» **AVAILABLE DATA**:
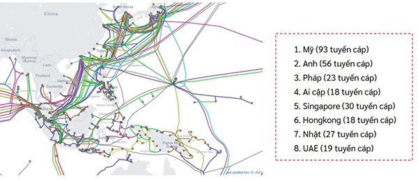 Tổng quan về hạ tầng cáp quang biển Việt Nam và các nước khác trong khu vực. Hiện Việt Nam có tổng cộng 7 tuyến cáp quang biển, 5 tuyến đang hoạt động và 2 tuyến sẽ đưa vào vận hành trong những năm tới đây.
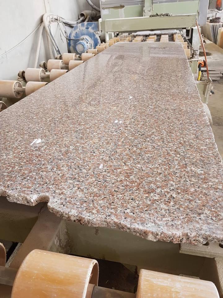 Beyaz ve siyah kristal dokulara sahip zarif pembe granit. İç mekân yüzeyleri, merdivenler ve dekoratif taş işleri için mükemmeldir.
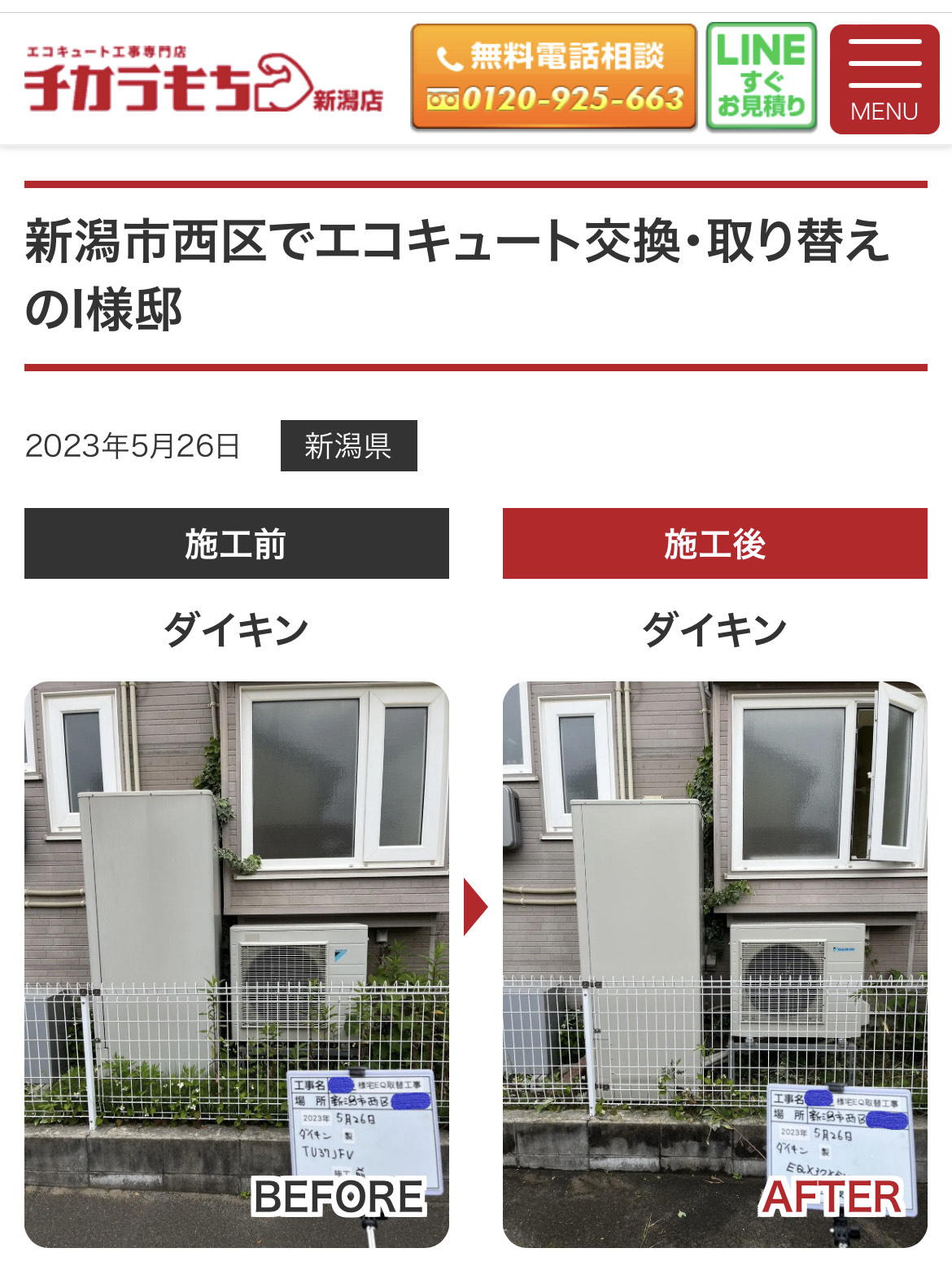 新潟市西区にお住まいのお客様で、新築時に設置したエコキュートが約14年経過しており、昨年の冬にはエラーが連発され修理業者さんに2回も修理の依頼をされていた方です!
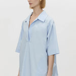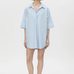 Camilla and Marc Cumulus Shirt Dress in Light Blue. The Cumulus Shirt Dress is crafted from cotton in a relaxed shift silhouette. This dress features inseam pockets and a straight collar with a crescent collar stand.
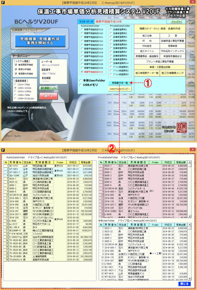 | 【本体内各見積積算フォルダ】 本体内に存在する見積積算各フォルダの内容を一覧表示します。 | |||
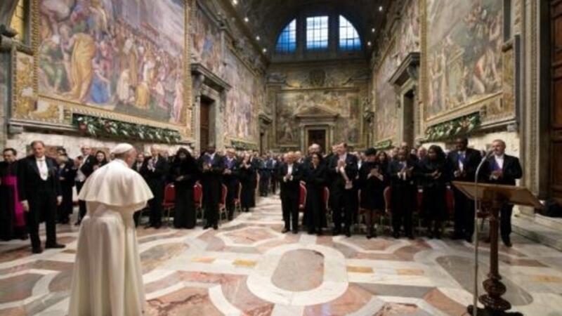 وعبر البابا (80 عاما) في كلمة مطولة امام السفراء المعتمدين في الفاتيكان عن الاسف ان يظل الدين في مطلع العام 2017 يستخدم "ذريعة للانغلاق والتهميش والعنف".
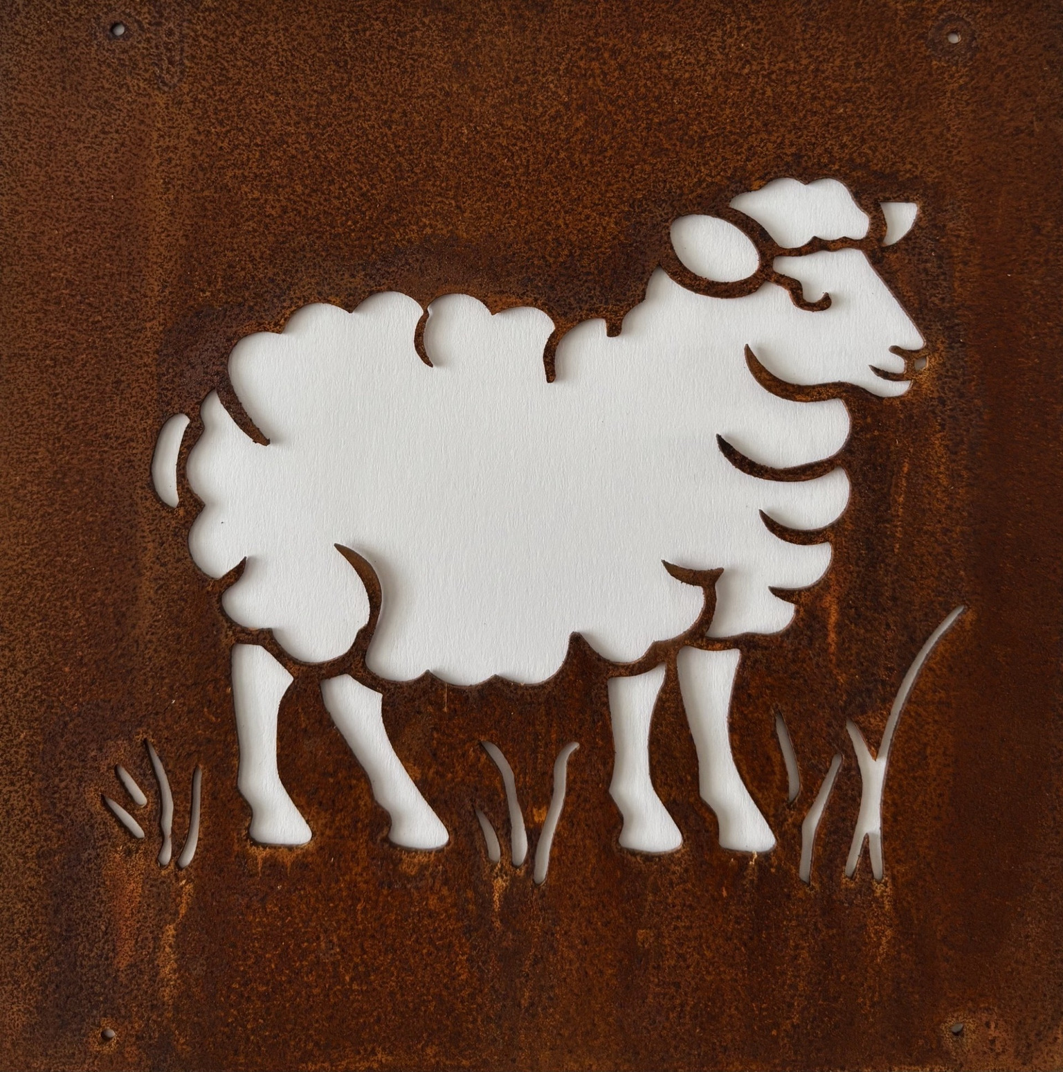 Dekorativ skylt i rostfinish som kan placeras med medföljande ståltråd på bl a armeringsnät. En fin detalj i trädgården. Passar till armeringsjärn storlek 15 x 15 cm.
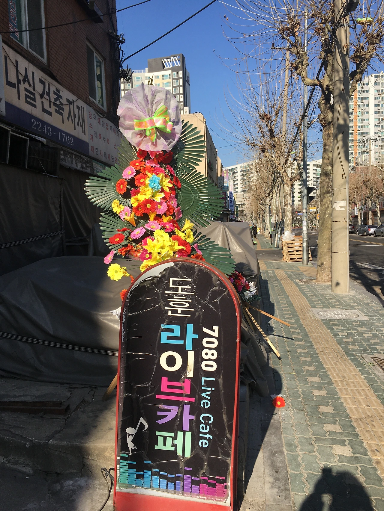 내가 사는 아파트 뒷쪽은 본가와 처가가 있는 신설동을 연상시키는 곳이다. 재개발이 부분적으로 이루어지며 문닫은 가게도 많은데 지금은 열지 않는 라이브카페 입간판 뒤로 화환이 보였다. 이미 쓴 걸 여기에 뒀는지 몰라도 축하화환과 낡은 라이브카페의 폰트를 보고 늘 보던 황학동-신설동 거리가 생각나 찍었다. 달동네에 살때, 황학동 벼룩시장이 집 근처에 있을 때 모두 거기 살지 않는 사람들이 하는 이야기를 듣고 화가 치밀때가 많았다. 잠시 머무는 사람들이 하는 낭만적인 이야기, 우리에겐 낭만이 아니라 생활이며 그때문에 유입된 사람들의 담배연기, 침, 여타 보기 싫은 것들을 감당해야 하는데.
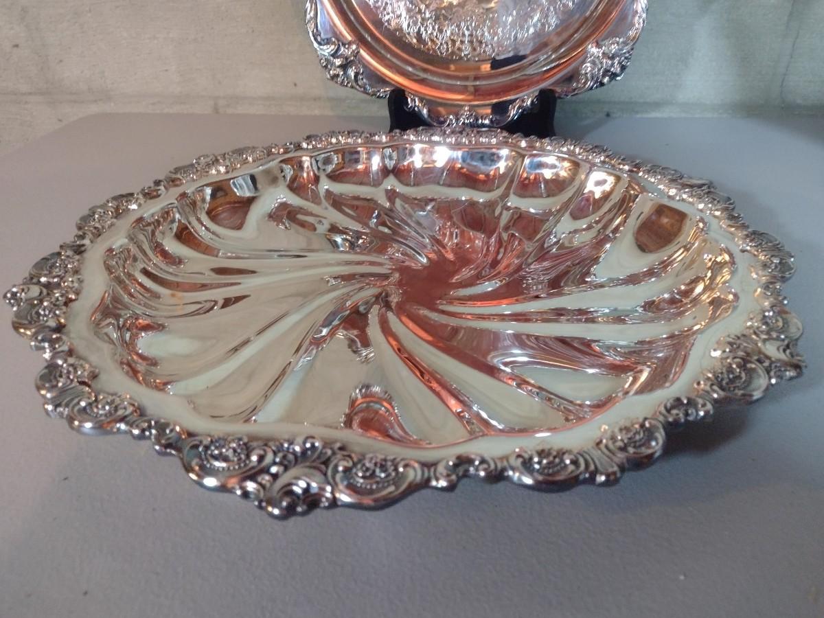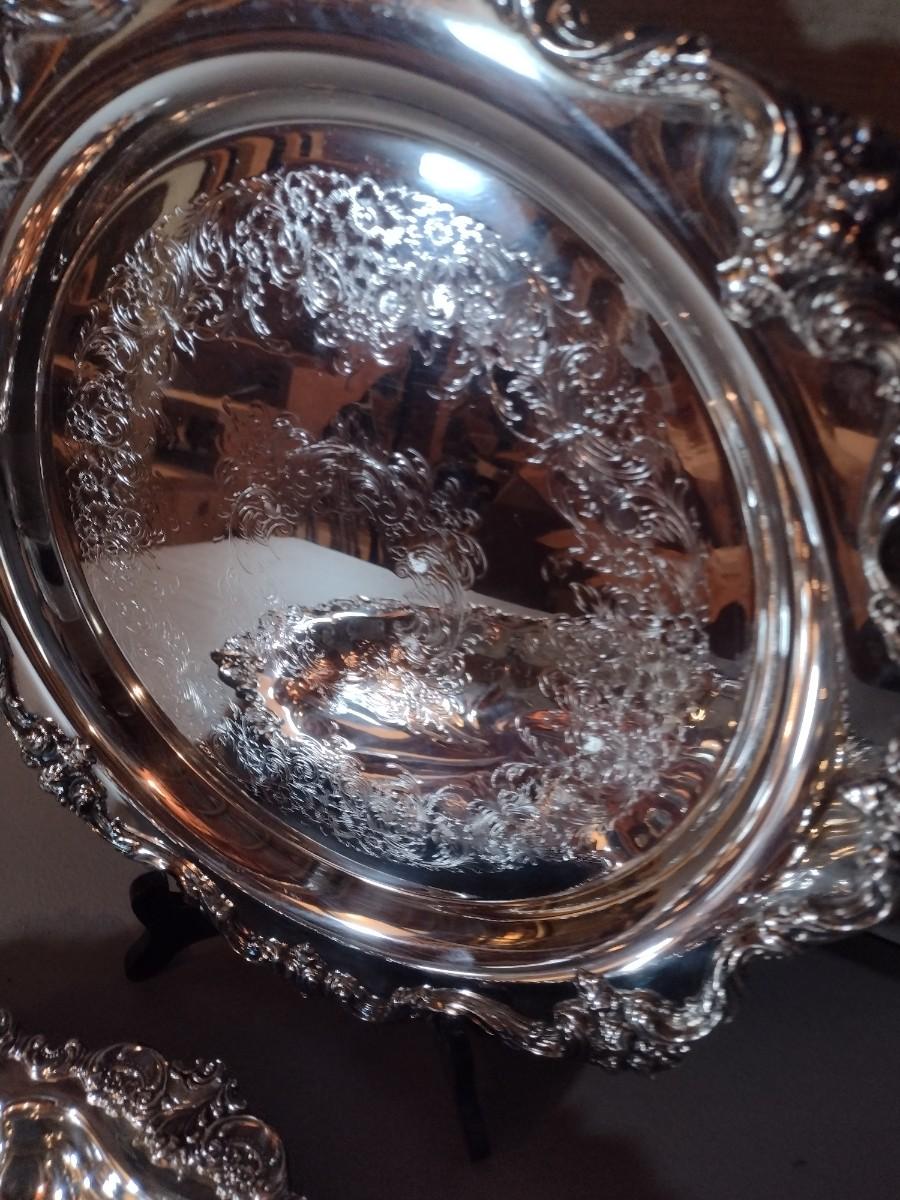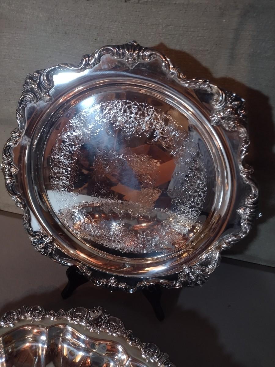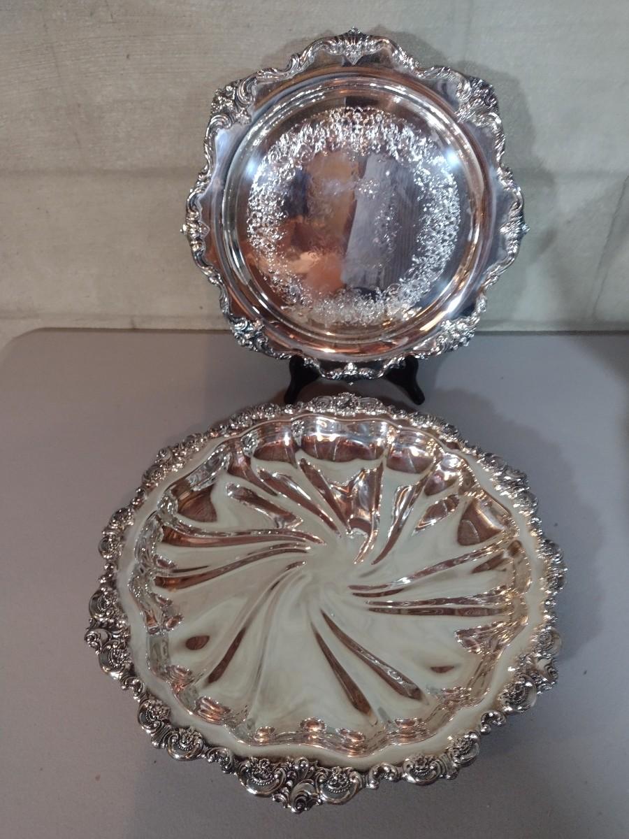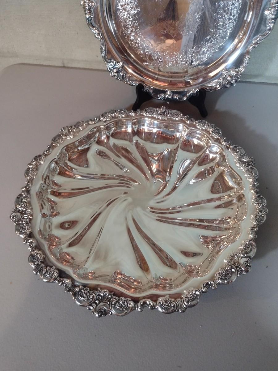 Pair of Large Highly Ornate and Detailed Silver Plate Round Serving Trays
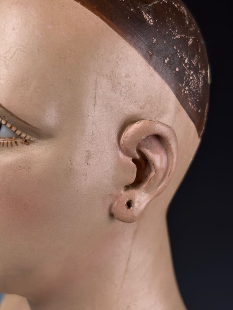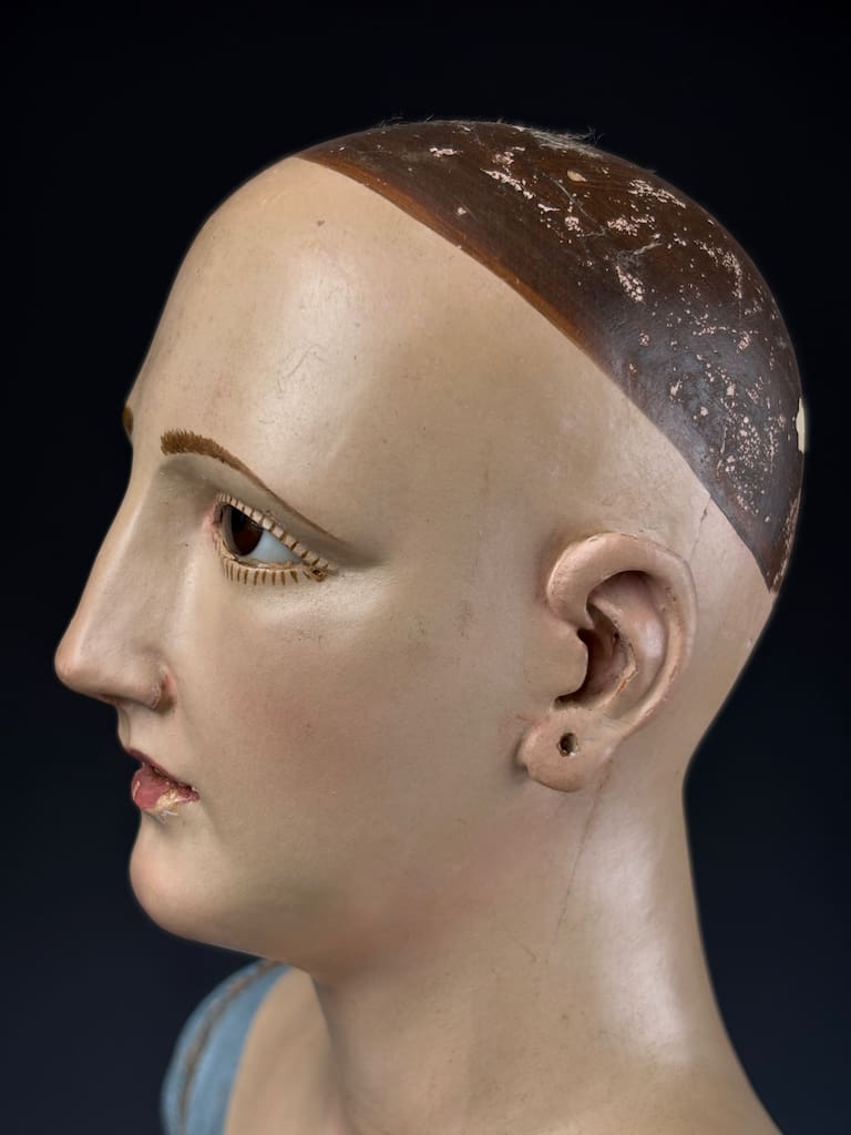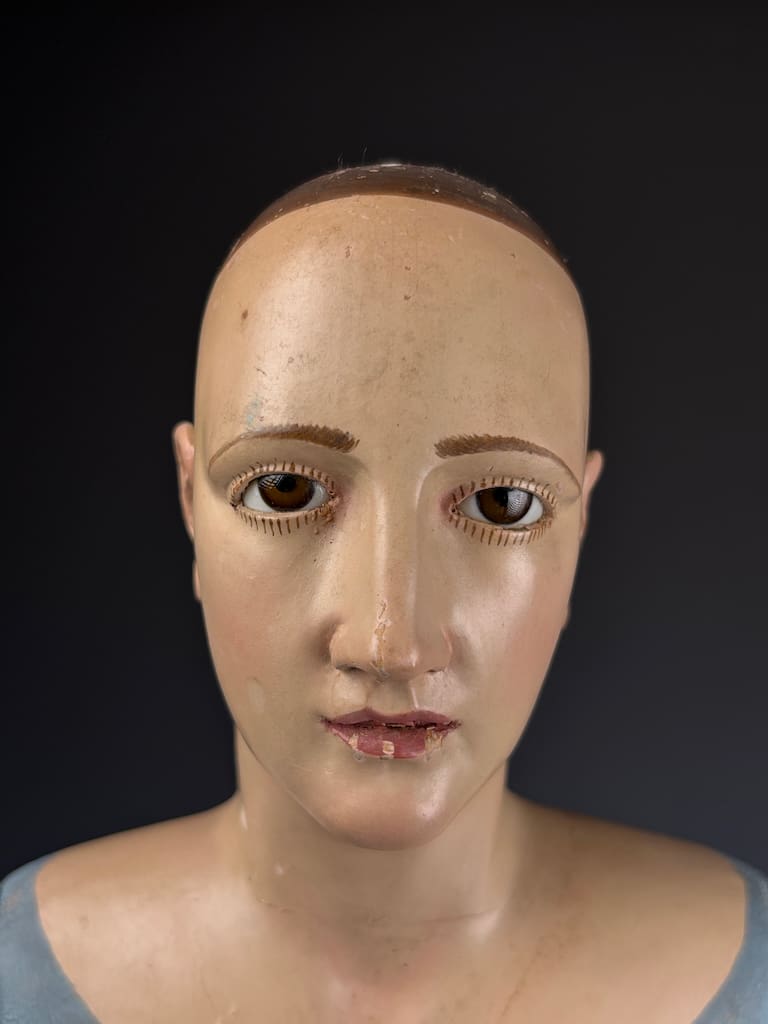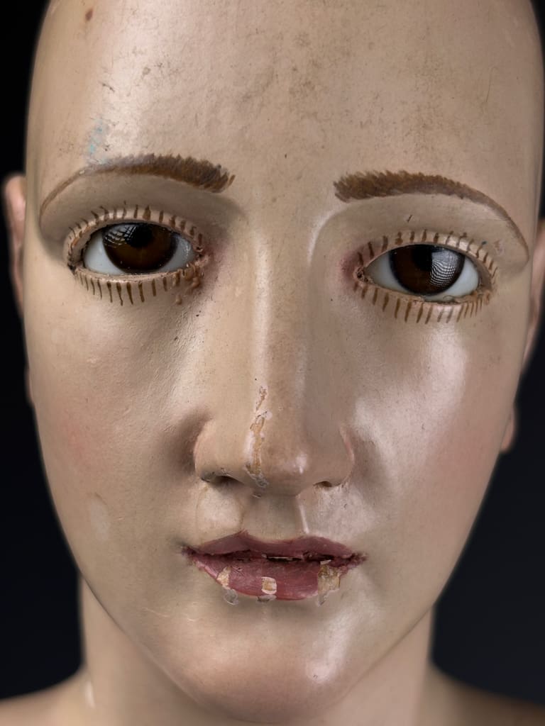 The figure’s finely modeled face and detailed anatomical proportions suggest the work of a skilled artisan from 18th-century Italy, where such devotional sculptures were widely used in churches and convents. Her serene expression, combined with the naturalistic glass eyes and original base, make this an evocative and highly collectible piece.

» **TASK DETAILS**:
In case the records contain pictures, keep those out and repeat the rest exactly.

» **RESPONSE FOR THIS EXERCISE**:
 Tổng quan về hạ tầng cáp quang biển Việt Nam và các nước khác trong khu vực. Hiện Việt Nam có tổng cộng 7 tuyến cáp quang biển, 5 tuyến đang hoạt động và 2 tuyến sẽ đưa vào vận hành trong những năm tới đây.
 Beyaz ve siyah kristal dokulara sahip zarif pembe granit. İç mekân yüzeyleri, merdivenler ve dekoratif taş işleri için mükemmeldir.
 新潟市西区にお住まいのお客様で、新築時に設置したエコキュートが約14年経過しており、昨年の冬にはエラーが連発され修理業者さんに2回も修理の依頼をされていた方です!
 Camilla and Marc Cumulus Shirt Dress in Light Blue. The Cumulus Shirt Dress is crafted from cotton in a relaxed shift silhouette. This dress features inseam pockets and a straight collar with a crescent collar stand.
 | 【本体内各見積積算フォルダ】 本体内に存在する見積積算各フォルダの内容を一覧表示します。 | |||
 وعبر البابا (80 عاما) في كلمة مطولة امام السفراء المعتمدين في الفاتيكان عن الاسف ان يظل الدين في مطلع العام 2017 يستخدم "ذريعة للانغلاق والتهميش والعنف".
 Dekorativ skylt i rostfinish som kan placeras med medföljande ståltråd på bl a armeringsnät. En fin detalj i trädgården. Passar till armeringsjärn storlek 15 x 15 cm.
 내가 사는 아파트 뒷쪽은 본가와 처가가 있는 신설동을 연상시키는 곳이다. 재개발이 부분적으로 이루어지며 문닫은 가게도 많은데 지금은 열지 않는 라이브카페 입간판 뒤로 화환이 보였다. 이미 쓴 걸 여기에 뒀는지 몰라도 축하화환과 낡은 라이브카페의 폰트를 보고 늘 보던 황학동-신설동 거리가 생각나 찍었다. 달동네에 살때, 황학동 벼룩시장이 집 근처에 있을 때 모두 거기 살지 않는 사람들이 하는 이야기를 듣고 화가 치밀때가 많았다. 잠시 머무는 사람들이 하는 낭만적인 이야기, 우리에겐 낭만이 아니라 생활이며 그때문에 유입된 사람들의 담배연기, 침, 여타 보기 싫은 것들을 감당해야 하는데.
 Pair of Large Highly Ornate and Detailed Silver Plate Round Serving Trays
 The figure’s finely modeled face and detailed anatomical proportions suggest the work of a skilled artisan from 18th-century Italy, where such devotional sculptures were widely used in churches and convents. Her serene expression, combined with the naturalistic glass eyes and original base, make this an evocative and highly collectible piece.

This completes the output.